Input is of external and of internal origin, arising in the external environment or from within the organism. The input is integrated and made meaningful by the organization factor, which selects that which will become output from available motor skills.
Intensive investigation was needed in each area. Research was needed on "what constitutes effective input and the variance of its effect on output." Organization had to be studied on the conceptual or symbolic level, requiring "higher integrative processes" and a high degree of driver awareness, as well as on the "more automatic" level, requiring less awareness. How, the scientists wanted to know, can the level of less awareness replace the highly variable activities of greater awareness (in other words, "How may 'big brother' controls substitute even for the more automatic driver behaviors?").
The scientists also wanted to examine motivational systems that affected the organization factor.

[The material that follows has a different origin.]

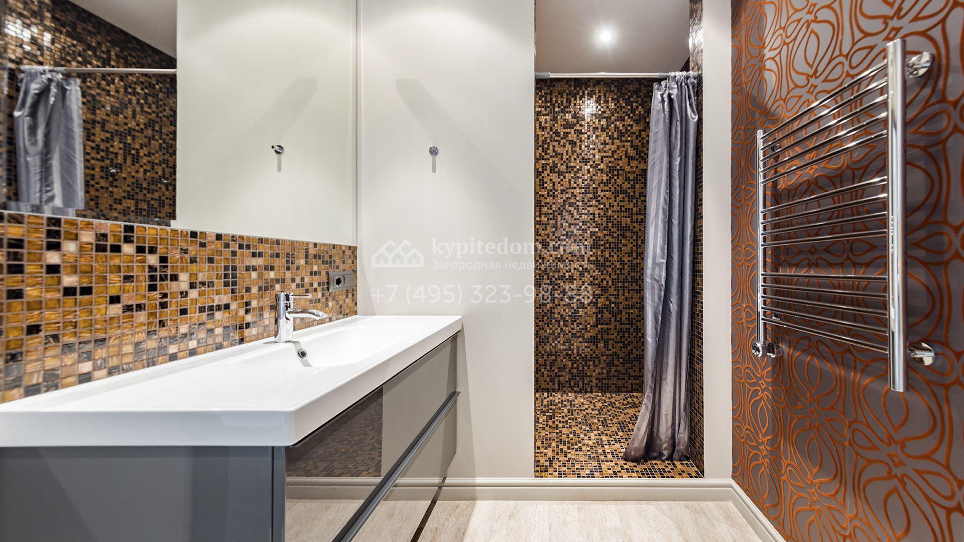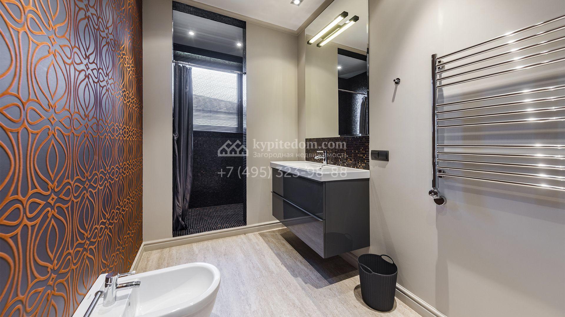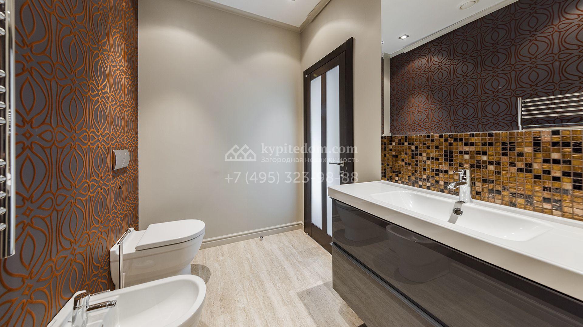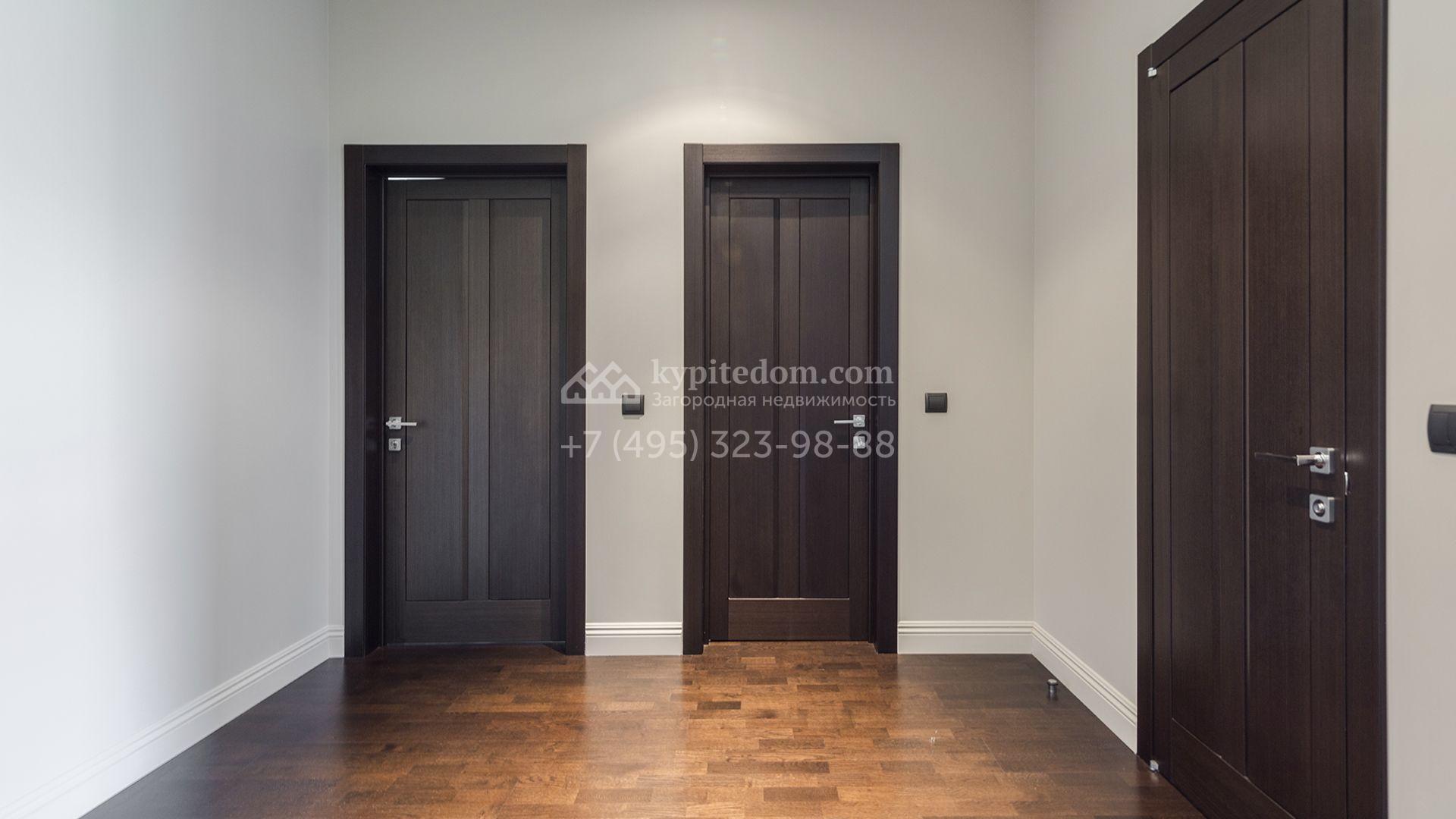 Загородный дом площадью 214 м² расположен на полевом участке 17 соток. Современный фасад облицован штукатуркой, клинкерным кирпичом, а также декорирован белоснежными колоннами и плиткой с фактурой камня по цоколю. Интерьер выдержан в спокойных тонах и дополнен комфортной мебелью, бытовой техникой и сантехникой.

For example, what are the motivational factors, and how are they influenced by education or social pressure? What are effective rewards and punishments and how can they be incorporated into driver education?
In studying output, a driver simulator was essential. However, the summary noted that, "Research must not be limited to the driver; the passenger and the pedestrian require the same intensive study.

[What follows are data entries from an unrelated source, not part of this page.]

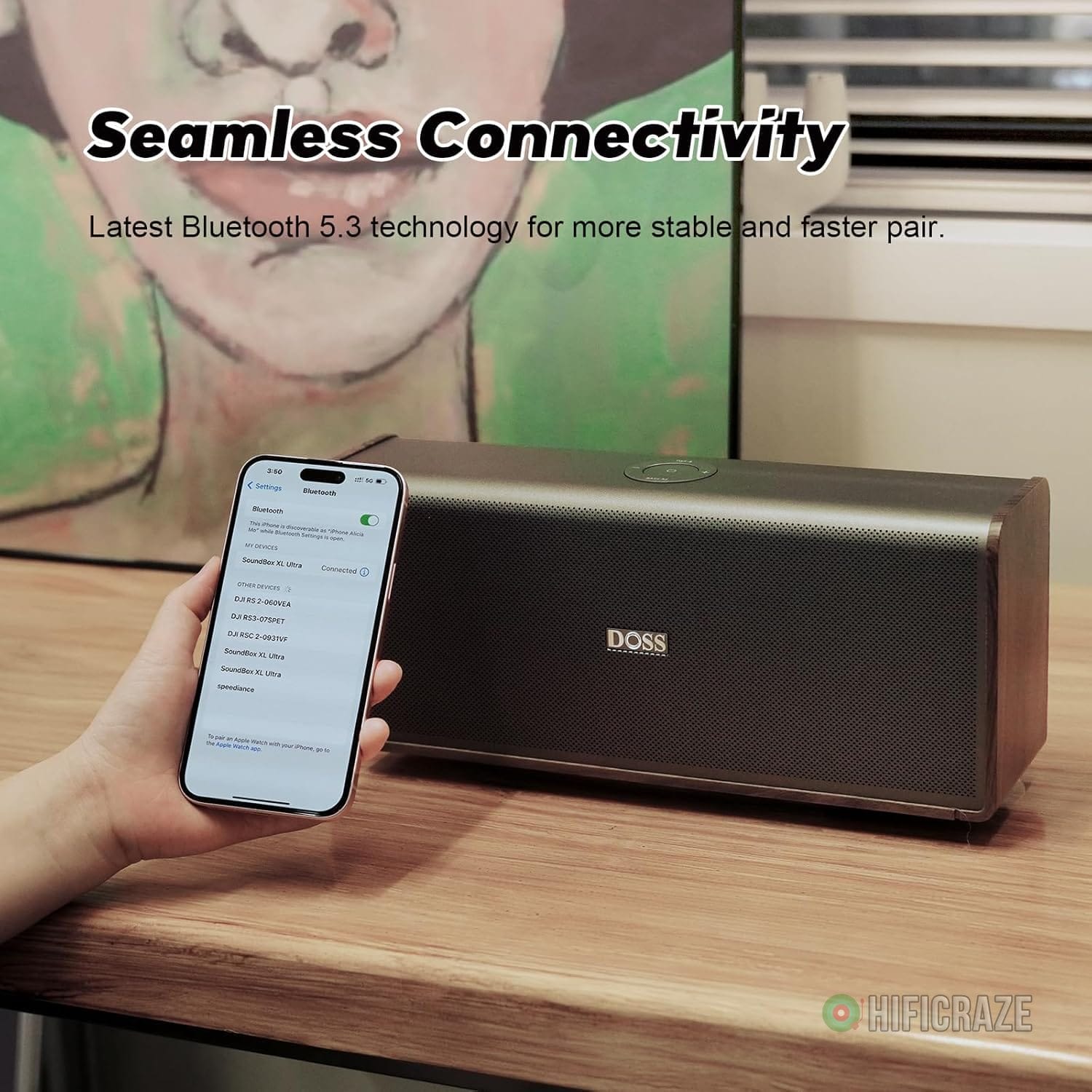 Specification: DOSS SoundBox Ultra Bluetooth Speaker with 2.1 Channel Audio, 80W Superior Sound with Deep Bass, Two DSP Technologies, 18H Playtime, BT 5.3, Wireless for Home, Office, Livingroom
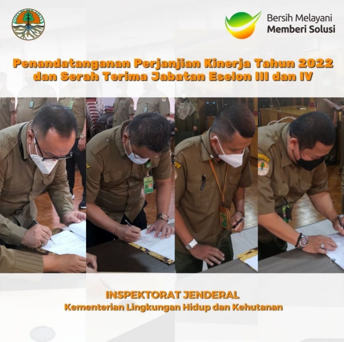 Acara penandatangan perjanjian kinerja sebagai bentuk peneguhan komitmen bersama seluruh Aparatur Itjen KLHK. Dalam sebuah organisasi modern, jabatan struktural bukan hanya sekedar merit namun sebuah pengabdian untuk selalu menjadi learning organization.
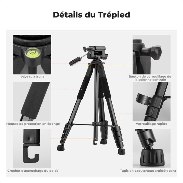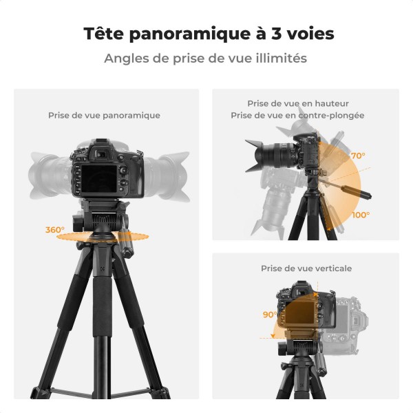 Il dispose d'un niveau à bulle intégré pour l'équilibrage et d'une tête panoramique rotative à 360 ° à 3 voies pour des photos grand angle.
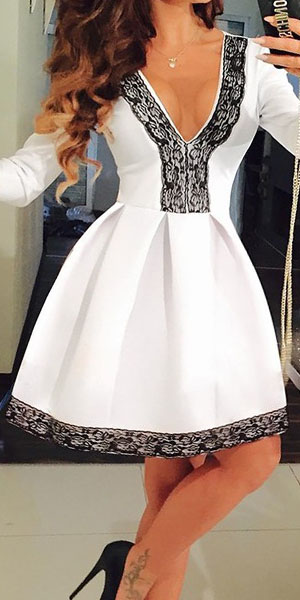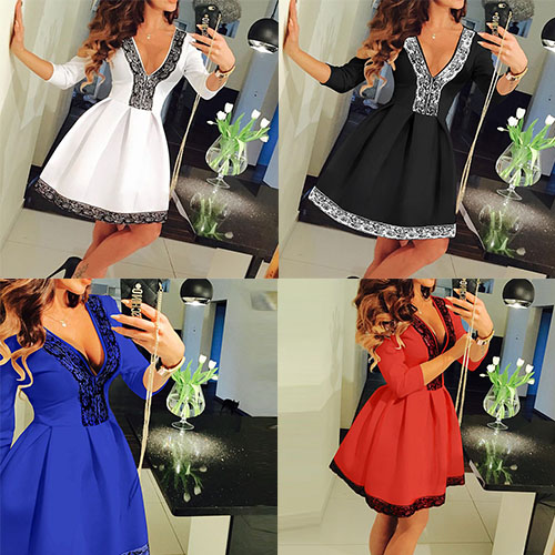 outfitted with 3/4 sleeve,a deep v-neckline and a high waist,this dress can make you look sexy and charming

Social Context of the Automobile: Researchers concluded that in planning research, they must view auto crashes from several perspectives.

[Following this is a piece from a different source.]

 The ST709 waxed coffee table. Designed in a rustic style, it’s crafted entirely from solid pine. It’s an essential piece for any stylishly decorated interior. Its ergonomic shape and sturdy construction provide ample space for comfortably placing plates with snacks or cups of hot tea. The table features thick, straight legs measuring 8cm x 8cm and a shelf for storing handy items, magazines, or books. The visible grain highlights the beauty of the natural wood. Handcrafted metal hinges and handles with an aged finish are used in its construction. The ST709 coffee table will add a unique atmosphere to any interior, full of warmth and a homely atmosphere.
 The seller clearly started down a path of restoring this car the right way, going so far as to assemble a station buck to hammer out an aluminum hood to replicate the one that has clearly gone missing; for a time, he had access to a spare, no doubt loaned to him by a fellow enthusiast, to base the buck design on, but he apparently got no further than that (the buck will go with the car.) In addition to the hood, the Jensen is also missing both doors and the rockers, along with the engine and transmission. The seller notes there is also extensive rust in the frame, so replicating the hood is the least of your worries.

To evaluate social context, researchers needed "more valid and reliable measures of traffic safety"; analysis of the relationship between serviceable indices and meaningful subdivision of the population to generate new hypotheses for explaining highway accidents and attempting corrective actions; testing of promising hypotheses, techniques, and devices; systematic examination of the combinations of factors that result in acceptance and nonacceptance of safety measures; and study of possible changes in the allocation of responsibility for traffic regulation and safety among governmental and other agencies.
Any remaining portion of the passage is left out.